Dataset entries
[Start of Attachment]

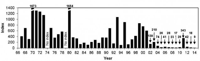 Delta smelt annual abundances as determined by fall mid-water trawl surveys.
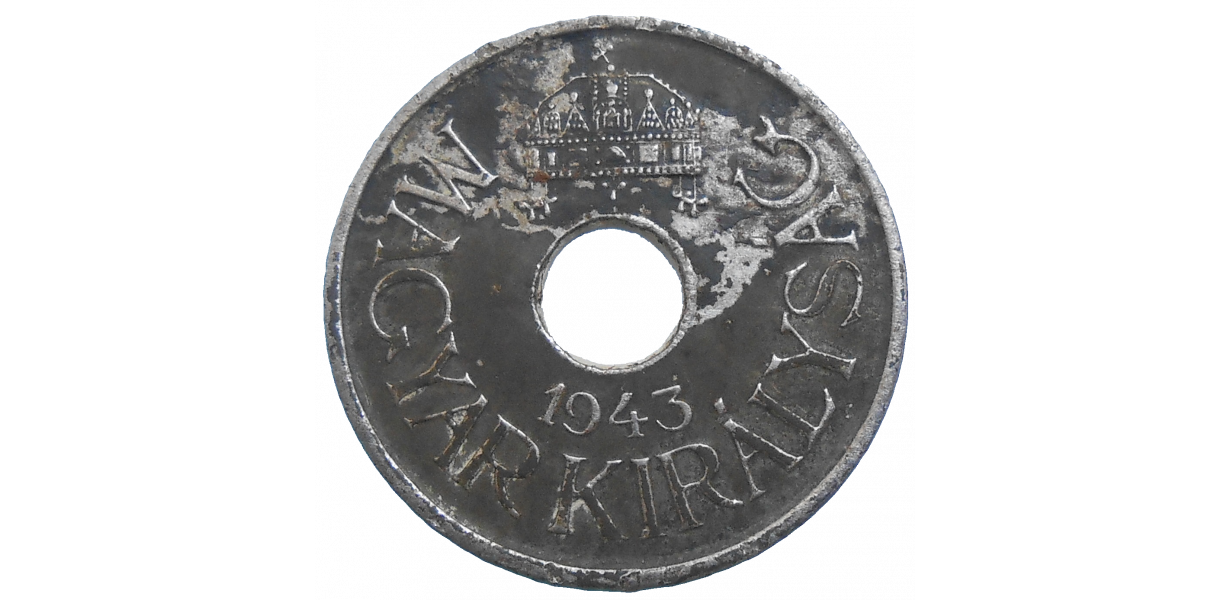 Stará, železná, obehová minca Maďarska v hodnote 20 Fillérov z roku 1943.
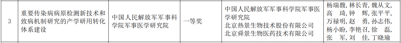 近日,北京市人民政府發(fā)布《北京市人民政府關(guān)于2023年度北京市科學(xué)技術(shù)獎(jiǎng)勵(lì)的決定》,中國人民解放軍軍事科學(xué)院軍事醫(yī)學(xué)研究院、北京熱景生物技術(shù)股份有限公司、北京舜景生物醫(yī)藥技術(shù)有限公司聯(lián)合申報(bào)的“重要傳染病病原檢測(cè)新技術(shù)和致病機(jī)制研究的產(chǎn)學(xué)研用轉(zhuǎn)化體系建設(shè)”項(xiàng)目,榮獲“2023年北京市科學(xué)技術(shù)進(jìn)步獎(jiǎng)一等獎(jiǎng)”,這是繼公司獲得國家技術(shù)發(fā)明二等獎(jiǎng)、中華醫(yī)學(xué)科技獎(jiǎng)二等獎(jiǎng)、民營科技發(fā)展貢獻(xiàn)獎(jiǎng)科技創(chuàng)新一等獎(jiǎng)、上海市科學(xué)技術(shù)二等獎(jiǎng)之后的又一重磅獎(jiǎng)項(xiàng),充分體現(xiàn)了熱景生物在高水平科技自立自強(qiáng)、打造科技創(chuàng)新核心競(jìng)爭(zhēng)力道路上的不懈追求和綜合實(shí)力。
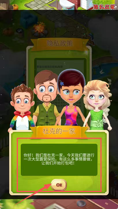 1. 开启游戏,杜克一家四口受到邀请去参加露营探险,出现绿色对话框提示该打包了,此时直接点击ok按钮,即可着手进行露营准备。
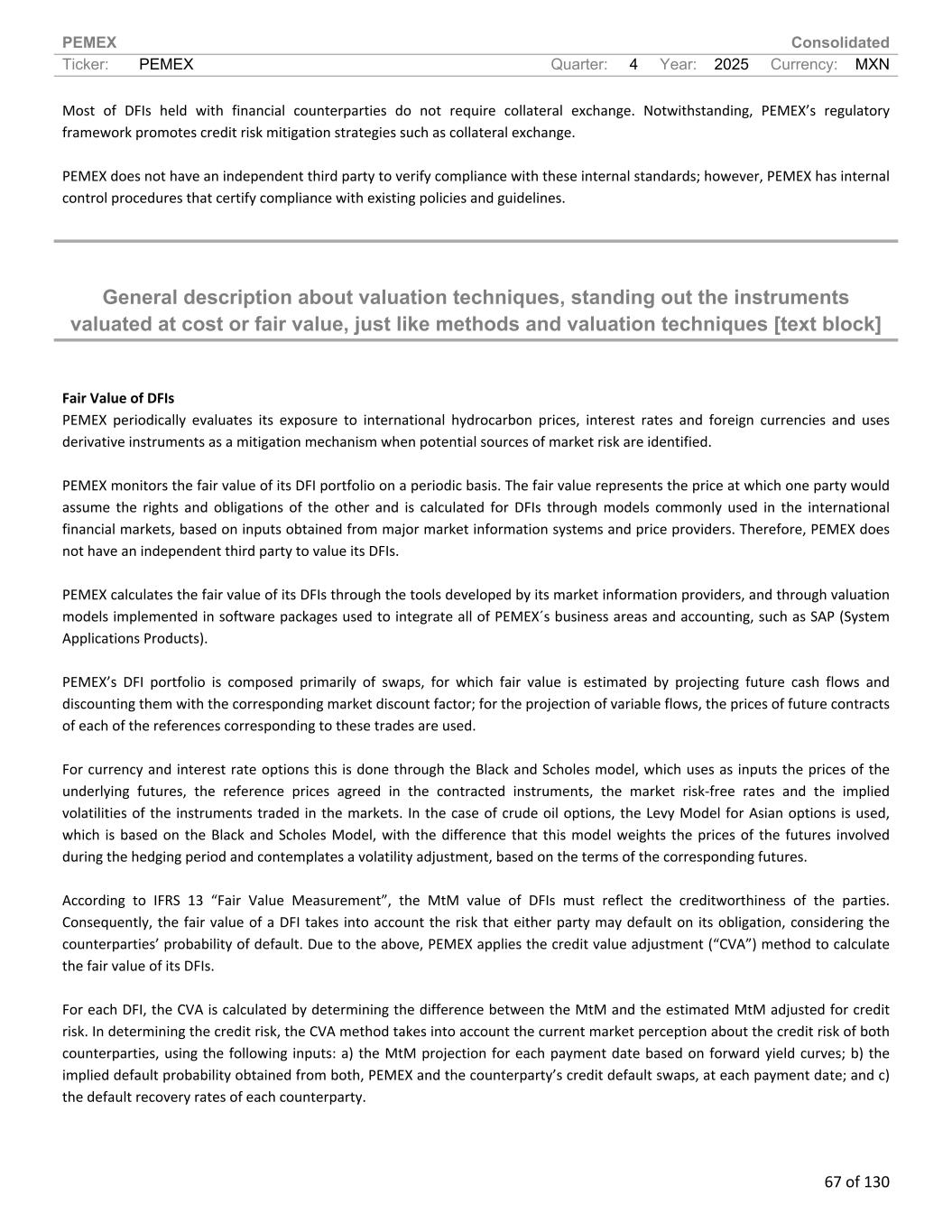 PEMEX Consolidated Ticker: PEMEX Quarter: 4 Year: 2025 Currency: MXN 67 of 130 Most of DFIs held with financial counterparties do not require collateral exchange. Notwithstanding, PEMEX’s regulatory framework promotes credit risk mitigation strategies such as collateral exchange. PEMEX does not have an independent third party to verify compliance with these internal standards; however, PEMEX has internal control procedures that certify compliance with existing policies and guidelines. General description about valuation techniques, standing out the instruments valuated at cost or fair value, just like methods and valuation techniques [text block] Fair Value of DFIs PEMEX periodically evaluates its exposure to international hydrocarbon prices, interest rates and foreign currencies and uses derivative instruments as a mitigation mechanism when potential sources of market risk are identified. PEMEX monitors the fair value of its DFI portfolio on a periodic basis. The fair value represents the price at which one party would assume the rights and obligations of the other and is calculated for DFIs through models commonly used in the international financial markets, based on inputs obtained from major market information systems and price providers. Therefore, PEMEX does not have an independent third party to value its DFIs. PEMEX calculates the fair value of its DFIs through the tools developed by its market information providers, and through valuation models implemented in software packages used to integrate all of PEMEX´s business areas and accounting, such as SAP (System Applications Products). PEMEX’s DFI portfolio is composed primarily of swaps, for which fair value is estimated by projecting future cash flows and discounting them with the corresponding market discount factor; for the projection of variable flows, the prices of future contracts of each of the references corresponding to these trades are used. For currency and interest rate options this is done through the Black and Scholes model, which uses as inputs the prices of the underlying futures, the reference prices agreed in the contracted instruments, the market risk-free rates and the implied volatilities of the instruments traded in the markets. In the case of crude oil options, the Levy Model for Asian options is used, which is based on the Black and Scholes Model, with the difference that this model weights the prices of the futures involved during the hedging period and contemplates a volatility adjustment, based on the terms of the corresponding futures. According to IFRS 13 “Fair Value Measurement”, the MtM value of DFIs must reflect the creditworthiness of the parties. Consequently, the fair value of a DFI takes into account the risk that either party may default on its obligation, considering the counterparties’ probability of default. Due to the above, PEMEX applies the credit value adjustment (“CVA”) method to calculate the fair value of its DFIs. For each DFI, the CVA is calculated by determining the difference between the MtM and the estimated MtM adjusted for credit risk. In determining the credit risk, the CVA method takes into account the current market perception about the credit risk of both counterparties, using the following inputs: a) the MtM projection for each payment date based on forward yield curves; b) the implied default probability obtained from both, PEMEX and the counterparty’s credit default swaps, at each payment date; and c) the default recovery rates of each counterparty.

[End of Attachment]

TASK OBJECTIVE: The lines to reproduce run from the one above containing "Stará, železná, obehová" through the one containing "1. 开启游戏,杜克一家四口". Copy them exactly and leave out all pictures.

RESPONSE AREA:
 Stará, železná, obehová minca Maďarska v hodnote 20 Fillérov z roku 1943.
 近日,北京市人民政府發(fā)布《北京市人民政府關(guān)于2023年度北京市科學(xué)技術(shù)獎(jiǎng)勵(lì)的決定》,中國人民解放軍軍事科學(xué)院軍事醫(yī)學(xué)研究院、北京熱景生物技術(shù)股份有限公司、北京舜景生物醫(yī)藥技術(shù)有限公司聯(lián)合申報(bào)的“重要傳染病病原檢測(cè)新技術(shù)和致病機(jī)制研究的產(chǎn)學(xué)研用轉(zhuǎn)化體系建設(shè)”項(xiàng)目,榮獲“2023年北京市科學(xué)技術(shù)進(jìn)步獎(jiǎng)一等獎(jiǎng)”,這是繼公司獲得國家技術(shù)發(fā)明二等獎(jiǎng)、中華醫(yī)學(xué)科技獎(jiǎng)二等獎(jiǎng)、民營科技發(fā)展貢獻(xiàn)獎(jiǎng)科技創(chuàng)新一等獎(jiǎng)、上海市科學(xué)技術(shù)二等獎(jiǎng)之后的又一重磅獎(jiǎng)項(xiàng),充分體現(xiàn)了熱景生物在高水平科技自立自強(qiáng)、打造科技創(chuàng)新核心競(jìng)爭(zhēng)力道路上的不懈追求和綜合實(shí)力。
 1. 开启游戏,杜克一家四口受到邀请去参加露营探险,出现绿色对话框提示该打包了,此时直接点击ok按钮,即可着手进行露营准备。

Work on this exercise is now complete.